BEGIN Exercise data
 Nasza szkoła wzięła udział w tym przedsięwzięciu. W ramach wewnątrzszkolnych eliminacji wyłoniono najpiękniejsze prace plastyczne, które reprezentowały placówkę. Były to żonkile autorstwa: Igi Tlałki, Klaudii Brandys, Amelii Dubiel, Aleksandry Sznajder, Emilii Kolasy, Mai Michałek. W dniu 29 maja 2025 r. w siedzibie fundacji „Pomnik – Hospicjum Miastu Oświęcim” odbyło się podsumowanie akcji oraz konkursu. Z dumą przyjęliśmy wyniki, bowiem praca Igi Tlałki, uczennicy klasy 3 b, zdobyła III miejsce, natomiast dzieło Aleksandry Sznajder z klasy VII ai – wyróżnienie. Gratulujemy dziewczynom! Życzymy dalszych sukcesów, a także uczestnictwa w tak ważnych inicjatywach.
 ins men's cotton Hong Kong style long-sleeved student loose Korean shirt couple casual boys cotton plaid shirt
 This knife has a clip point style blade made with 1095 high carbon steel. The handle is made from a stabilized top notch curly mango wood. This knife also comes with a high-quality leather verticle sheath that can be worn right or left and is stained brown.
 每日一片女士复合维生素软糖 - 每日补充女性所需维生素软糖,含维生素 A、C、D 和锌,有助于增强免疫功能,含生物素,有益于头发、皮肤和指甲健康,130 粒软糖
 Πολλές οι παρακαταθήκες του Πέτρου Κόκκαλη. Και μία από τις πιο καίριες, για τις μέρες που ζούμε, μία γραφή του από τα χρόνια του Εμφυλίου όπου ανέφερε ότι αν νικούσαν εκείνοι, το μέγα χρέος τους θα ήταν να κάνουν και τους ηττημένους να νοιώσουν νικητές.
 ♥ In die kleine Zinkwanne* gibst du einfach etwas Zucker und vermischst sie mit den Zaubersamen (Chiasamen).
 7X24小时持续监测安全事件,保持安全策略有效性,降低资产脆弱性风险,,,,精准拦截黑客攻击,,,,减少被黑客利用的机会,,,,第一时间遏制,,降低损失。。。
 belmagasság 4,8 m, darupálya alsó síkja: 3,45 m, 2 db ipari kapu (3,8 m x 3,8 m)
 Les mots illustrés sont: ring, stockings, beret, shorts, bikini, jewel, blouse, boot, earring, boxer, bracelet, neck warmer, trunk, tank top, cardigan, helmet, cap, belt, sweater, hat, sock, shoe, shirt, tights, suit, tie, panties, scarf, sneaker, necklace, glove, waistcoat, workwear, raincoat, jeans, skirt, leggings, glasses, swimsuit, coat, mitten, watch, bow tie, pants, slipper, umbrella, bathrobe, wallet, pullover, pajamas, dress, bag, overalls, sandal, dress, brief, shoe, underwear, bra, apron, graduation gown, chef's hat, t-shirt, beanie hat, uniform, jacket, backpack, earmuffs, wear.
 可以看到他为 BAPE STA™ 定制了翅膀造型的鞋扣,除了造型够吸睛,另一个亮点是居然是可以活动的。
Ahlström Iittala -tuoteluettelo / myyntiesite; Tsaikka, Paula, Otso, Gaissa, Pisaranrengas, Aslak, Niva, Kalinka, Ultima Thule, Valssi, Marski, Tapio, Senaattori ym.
END Exercise data
• [What you should do] Show the lines of the entries that include the string "shirt", copying each in full.

• [Solution to this task]
 ins men's cotton Hong Kong style long-sleeved student loose Korean shirt couple casual boys cotton plaid shirt
 Les mots illustrés sont: ring, stockings, beret, shorts, bikini, jewel, blouse, boot, earring, boxer, bracelet, neck warmer, trunk, tank top, cardigan, helmet, cap, belt, sweater, hat, sock, shoe, shirt, tights, suit, tie, panties, scarf, sneaker, necklace, glove, waistcoat, workwear, raincoat, jeans, skirt, leggings, glasses, swimsuit, coat, mitten, watch, bow tie, pants, slipper, umbrella, bathrobe, wallet, pullover, pajamas, dress, bag, overalls, sandal, dress, brief, shoe, underwear, bra, apron, graduation gown, chef's hat, t-shirt, beanie hat, uniform, jacket, backpack, earmuffs, wear.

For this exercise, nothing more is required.